Howard Forman: This was the original purpose of CMMI, the Center for Medicare and Medicaid Innovation, built into the ACA. So, this is something that has bipartisan support, and we want it to succeed.

Harlan Krumholz: Yeah. And I’ll just say, the question is, can we redesign a system? We’re doing the right thing for patients, is also the thing that the system pays for. That would be great. Lovely if that happens and we’ll be watching, but this is a really interesting effort by them and just out. Great. Let’s get to our interviewee, Basmah. Would be wonderful to talk to her.

Howard Forman: Dr. Basmah Safdar is a professor of emergency medicine and the newly appointed director of Women’s Health Research at Yale, the university’s interdisciplinary research center focused on studying women’s health and understanding sex-based differences in diseases. She also serves as director of the Emergency Department Chest Pain Center at Yale New Haven Hospital, and development for the Department of Emergency Medicine, and leads the Yale Coronary Microvascular Dysfunction Registry. She is an internationally recognized scholar in sex- and gender-specific research, particularly in microvascular health, and has led numerous clinical trials on microvascular dysfunction. She completed her MD at Aga Khan University in Pakistan, her master’s degree in epidemiology at Harvard, and did her residency in emergency medicine at Yale, which is when I had the first opportunity to meet her.

And I want to start off with a pretty much less related topic to what will be the theme of the day. And that is something you and I have talked about, which is, we’re in the midst of a time where immigrants are less embraced and even international medical graduates are finding a harder time coming to this country. You and I have talked about this offline. You are an international medical graduate and a scholar, a huge success, and we are so grateful to have you. Do you want to just speak to what your journey was like coming here as a very young woman from Pakistan and what that career path has meant to you?
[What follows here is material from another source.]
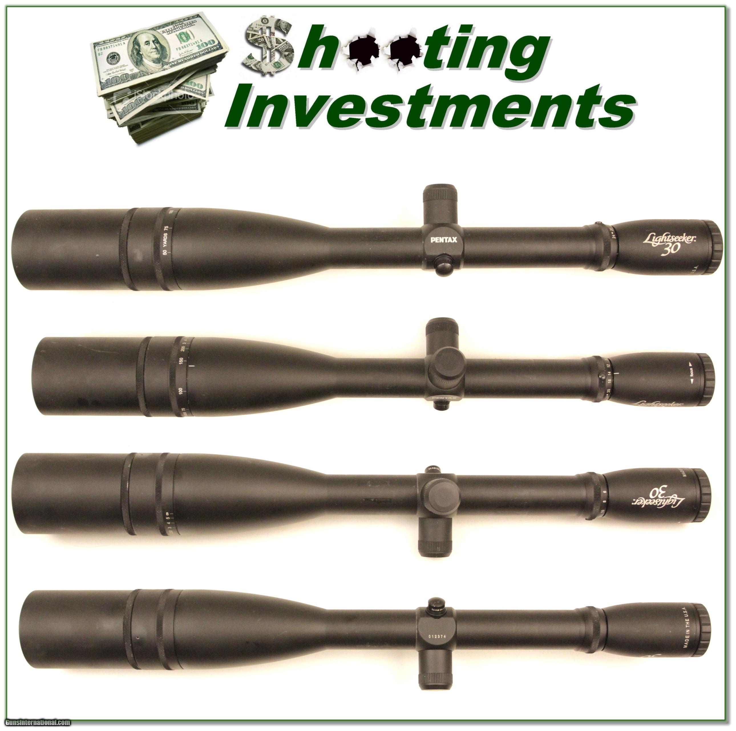 Description: This is a high end Pentax Lightseeker 30. These are 30mm scopes and this one is 624x50mm power. It has Mil-dot crosshairs, AO and comes with sunshield as shown. It is in excellent condition. These sold for about $700! It will make a very nice scope for a long-range gun! Please email me with any questions or for larger photos. Shipping with insurance is $9.95. (I now consign quality firearms only 10%! Let me know if you have any you would like to sell!) [16-0319s] Payment: Payment is by Money Order, Cashiers Check or Personal Check. I can now also accept MasterCard and Visa with a 3% convenience fee. PayPal can be used for some items but never firearms. Please let us know if you would like to pay via PayPal. Shipping: The shipping charge will be listed in each description. It is $35 for most guns. Some heavy guns or those insured for over $2000 will be higher. Shipments to Alaska and Hawaii are higher because air shipment is required. Most firearms are shipped within 5 days of receipt of payment. We prefer shipping at the beginning of the week to avoid firearms in transit over weekends. We package all shipments carefully and insure them for the full purchase price, rounded up to the next $100. In the unlikely event that damage occurs, it is important that you save all packaging material for the claims process. Optics are shipped Priority Mail and most other non-firearm shipments are shipped First Class. Returns: Our return policy is simple. If for any reason you are not pleased with your purchase, you may return your item for a refund. The only exception is ammunition, it cannot be returned. It is important to us that you are happy. Guns cannot be fired or dissembled before returning them and must be returned in the same condition as received. Notification of a return must occur with-in 3 days of receipt at your dealer. Shipping, convenience and dealer fees are not refundable and are the responsibility of the buyer. Lay-a-way: If needed, we offer a 60 day lay-a-way option on most firearms. It is 1/3 now, 1/3 in 30 days and 1/3 in 60 days. Lay-a-way firearm sales are final. Consigning your firearms with Shooting Investments: We will help you get top dollar for your firearms. While most local guns shops charge 20% or more, our fee is only 10% with a minimum of $50. At your local gun shop it might take months to sell. Selling on-line provides instant access to thousands of interested buyers. You won’t find any other on-line dealer willing to sell your firearms for only 10% or listing every gun on 4 separate s. Selling through an House typically costs the seller 15% and the buyer an addition 15% (so 30%) and you have to wait several months to sell and longer to receive funds. If properly priced, we will sell your firearms in a week or two. Send us an email or give us a call and we’ll explain how easy it is for you to get top dollar. Trading: We collect guns and usually just trade for guns we want to add to our collections. We often sell guns for others wanting to purchase one of ours. We find this the most fair to both of us. Our Commission is only 10% and we hold the gun you want until yours sells. Please contact us if you want to sell one of yours to buy one of ours. Help for California Buyers: We are happy to ship to California. It is the buyer’s responsibility to make sure any item you buy is legal in your state. We are also happy to help with your purchase of a firearm from someone other than us. If you see a gun you would like to buy but the seller can’t or won’t ship to California we can help. You buy the gun and have it shipped to us. We’ll then ship it to your California dealer. The cost for this service is only $30 + shipping. Let me know if we can help! SOLD |

Basmah Safdar: Yeah. Thank you, Howie. I feel like both of you, you and Harlan, have been part of my journey from the start. And so, it feels like a full circle, especially as two people who I admire so much as people who like to think differently and evolve to make an impact. And I think that’s really important to me. That is what I’ve been seeking when I came all the way from Pakistan. And in many ways, I was inspired to enter medicine part of where I started. And so, Howie, you and I have talked about my growing up in Pakistan and Karachi, which is a large cosmopolitan city, but probably didn’t talk about that I actually grew up in a very poor neighborhood, where I did not have access to healthcare. Whenever we would get sick, I would be taken to a clinic called Rafah-E-Aam, which literally translates into public welfare.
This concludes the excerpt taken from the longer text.